AI has been available since the 1950s. However, improvements to systems over the decades and educated programmers that can increase and understand functionality have facilitated an expansive global shift towards rapid AI implementation. As a result, AI spending is projected to reach almost $80 billion by 2022.
Logistics and Transport
Machine learning and AI have been used in the transportation and logistics industry to analyze supply and demand chains. Advancements in real-time technologies operating on a multidisciplinary and interoperational technology system streamlines operations. Improvements to existing applications alongside new applications are now possible.
Some features are potentially beneficial to significant chains and leading independent insurance brokers alike as AI and ML integrate to predict vehicle maintenance issues, avoid congested areas and effectively navigate automated driverless vehicles. For example, artificial neurons can manage and operate vehicles better and at a level far quicker than a human brain.
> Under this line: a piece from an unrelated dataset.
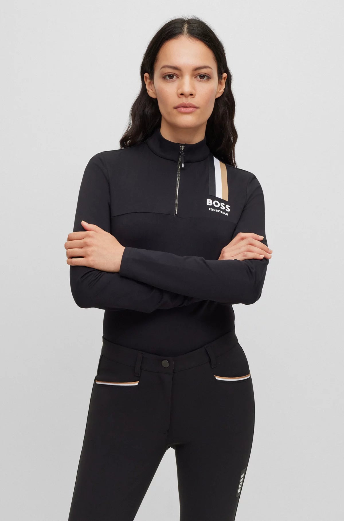 The Cavalleria Toscana Women’s Long Sleeve Training Polo with Half-Zip is crafted from technical wool and designed to support female riders during sports activities on cooler days. The design features water-repellent, windproof technical fabric on the sleeves and shoulders, while the wool body ensures thermal comfort and breathability. The high collar and personalized half-zip improve protection and fit. Finished with the Cavalleria Toscana heat-applied logo, this polo blends performance, contemporary design, and functional style.

Currently, 90% of US hospitals use AI as a part of their crucial infrastructure. The automation features of AI systems such as SAGE allows hospitals to streamline vital operations and improve broken healthcare processes. However, AI and ML in hospitals are currently operating on a quasi-trial basis, yet the benefits are becoming apparent.
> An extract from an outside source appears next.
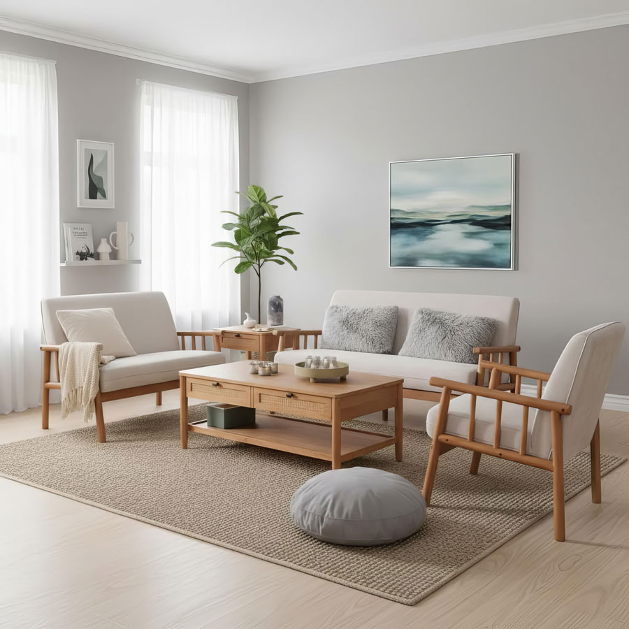 | Số lượng món | 4 món: 1 băng dài, 1 ghế đôi, 1 ghế đơn và 1 bàn trà |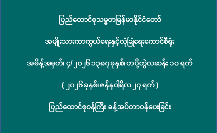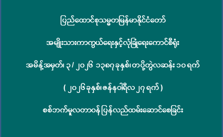 ပြည်ထောင်စုရွေးကောက်ပွဲကော်မရှင် ကြေညာချက်အမှတ် ( ၂၄ / ၂၀၂၆ ) ၁၃၈၇ ခုနှစ်၊ တပို့တွဲလဆန်း  ၁၁  ရက် ( ၂၀၂၆ ခုနှစ်၊ ဇန်န...

The practical applications of AI in the medical field have been widely known and implemented for years. Fundamental medical AI systems help physicians record notes, analyze data, and enter data into record systems. Advanced systems utilize data sets to diagnose, treat and predict results in a medical setting.
e-Commerce and Retail
One of the more practical applications of AI is in the retail industry. Big data drives AI systems in e-commerce, currently accounting for 35% of online sales. Retailers like Amazon utilize AI for customer recommendations based on previously analyzed data. Upselling and cross-selling are also made possible by implementing intrinsic AI systems that are part of the infrastructure as a whole.
AI in commerce doesn’t only relate to sales. Chatbots and AI-driven interfaces are becoming increasingly popular. Customers can raise queries using ChatBot systems, but bots are also becoming more popular as a promotional method. Bots can recommend purchases via an online store interface, and it is predicted that by the end of 2021, 80% of all human interactions at an online store will be managed by AI systems.
The vast implementation of AI systems has increased spending to $80 billion per year, while improvements to systems, ease-of-use, and educated programmers have facilitated the shift towards major AI infrastructure. As a result, various industries such as transport and logistics, medicine, and retail benefit from these systems.
The prediction models of AI and ML efficiently integrate into transport, where data can be used to analyze insurance-focused aspects such as vehicle maintenance, diver automation, and collision reduction.
Process automation AI is helping doctors and hospitals all over the world streamline their operations, with 90% of hospitals in the US adopting automated systems for data analysis and patient access where data is analyzed for predicting and diagnosing illnesses.
It is now estimated that 80% of online retail interactions are handled by ChatBots. AI systems in retail are at such an advanced level that they can operate a storefront, and data analysis allows suggestions to be made to previous customers in addition to upselling and cross-selling.